Mais ceci étant, je ne connais pas de solution miracle, ou plutôt je ne connais pas de solution qui puissent être acceptée et appliquée présentement, auquel cas je crois qu'il vaut mieux y aller pas à pas. On améliorer un peu ce qu'on peu améliorer. Ensuite on trouve quelque chose d'autre à améliorer, et au final on obtient une société plus saine.

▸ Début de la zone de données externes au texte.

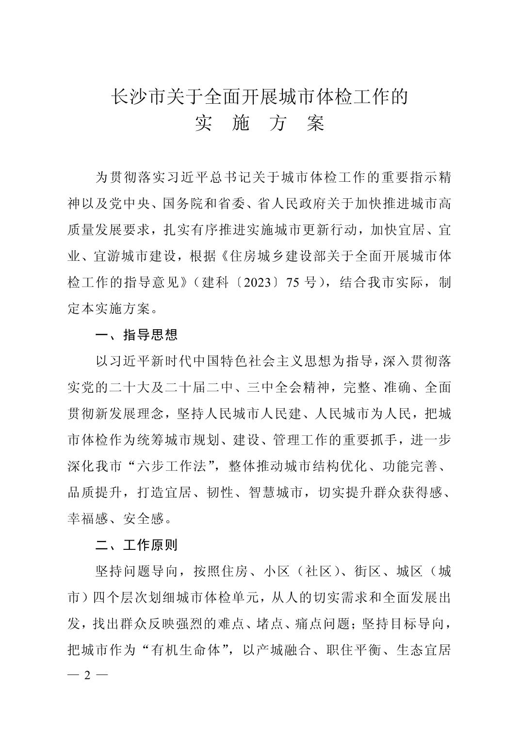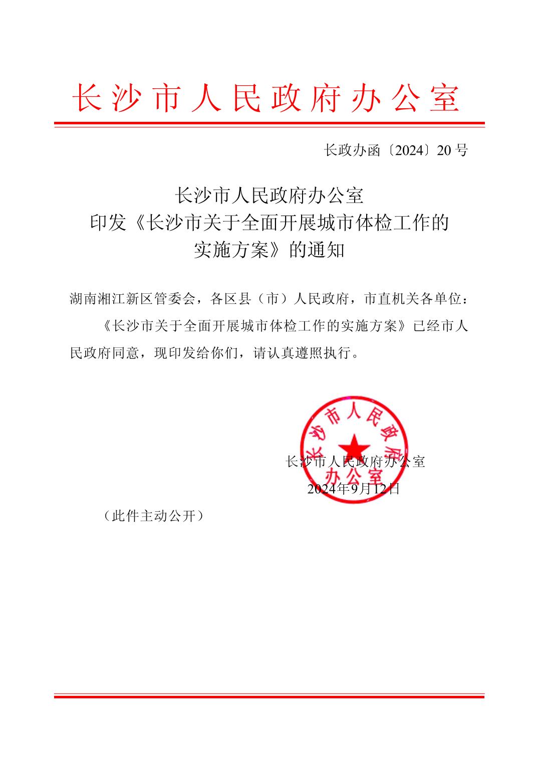 長沙市人民政府辦公室印發(fā)《長沙市關(guān)于全面開展城市體檢工作的實(shí)施方案》的通知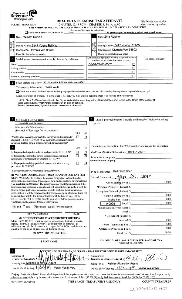 | 7 | 01/25/2019 | SWD | STATUTORY WARRANTY DEED | JENSEN RON K | RUBINO ZINA | | | $70,000.00 | 136301 | 2019-00536 |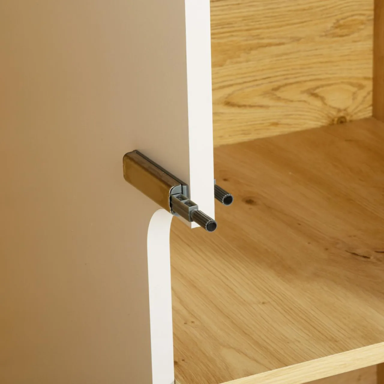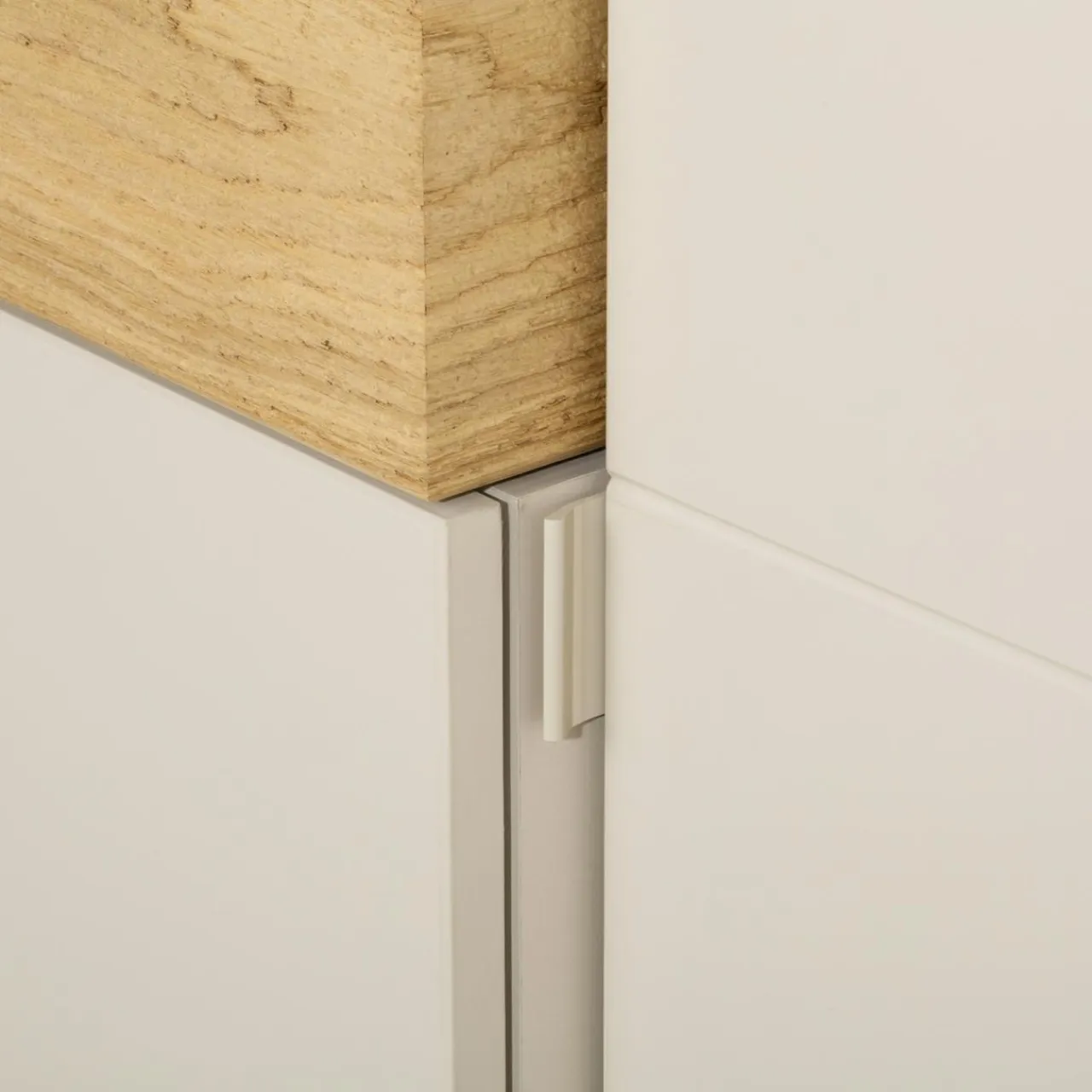 Beżowe bryły rozjaśnią wnętrze, a fronty ze wstawkami z prawdziwego drewna w kolorze dąb artisan nadadzą naturalnego akcentu.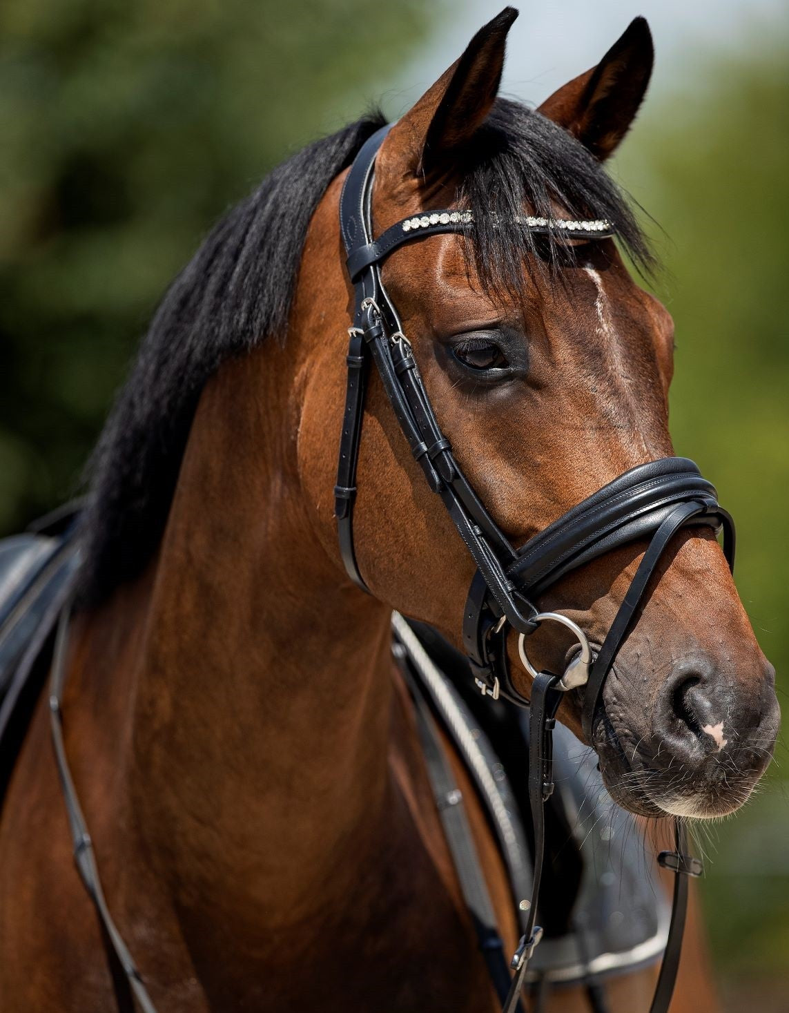 De frontriem is elegant afgewerkt met White Swarovski siersteentjes, wat een luxe en opvallende uitstraling geeft, perfect voor shows en wedstrijden.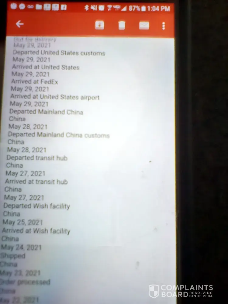 I placed an order with Wish online and never received the order. I have a copy of my credit card statement showing that Wish charged my credit card. I have an email from Wish saying that my order is on the way. I never received. Wish refuse to acknowledge my complaint because they cannot find my order. I also sent a letter to the San Francisco office and there was no reply.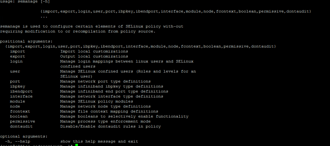 همچنین می توانید از دستورات زیر استفاده کنید تا یک صفحه دستی در مورد پارامترها و استفاده از دستور semanage دریافت کنید.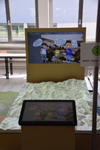 …Es gibt eine gemütliche Erzählecke mit Sessel und Hockern für den historisch – kulturellen Bereich und eine Ecke mit Equipment wie Mikroskopen und Forschungs-und Bastelmaterialien für den Natur-und Umweltbereich…

J'aimerais bien claquer des doigts et faire disparaitre l'emprise qu'ont les banques sur les gouvernements de la Terre. Ou faire disparaitre les lobbys pharmaceutiques qui dénaturent l'entièreté du système de santé. Ou faire disparaitre la propagande incidieuse répendue dans nos médias.
Un pas à la fois.
https://www.facebook.com/#!/Vers.Le.Meilleur.Des.Mondes
Archives de Vigile Répondre
14 octobre 2012Monsieur Crevier,
Je respecte votre opinion, mais j'aurais aimé que votre réflexion vous fasse prendre conscience que l'élection n'est pas nécessairement synonyme de démocratie et qu'elle peut représenter, sous certains aspects (corruption, professionnalisation de la politique etc) un obstacle à une démocratie exemplaire.
Ce que nous avons, c'est un système de gouvernement représentatif, dans lequel le peuple n'a pas accès aux décisions qui le concernent, sauf en votant une fois à tous les 4 ans pour leurs maîtres.
Ce n'est pas nécessairement la démocratie. Y avez-vous pensé?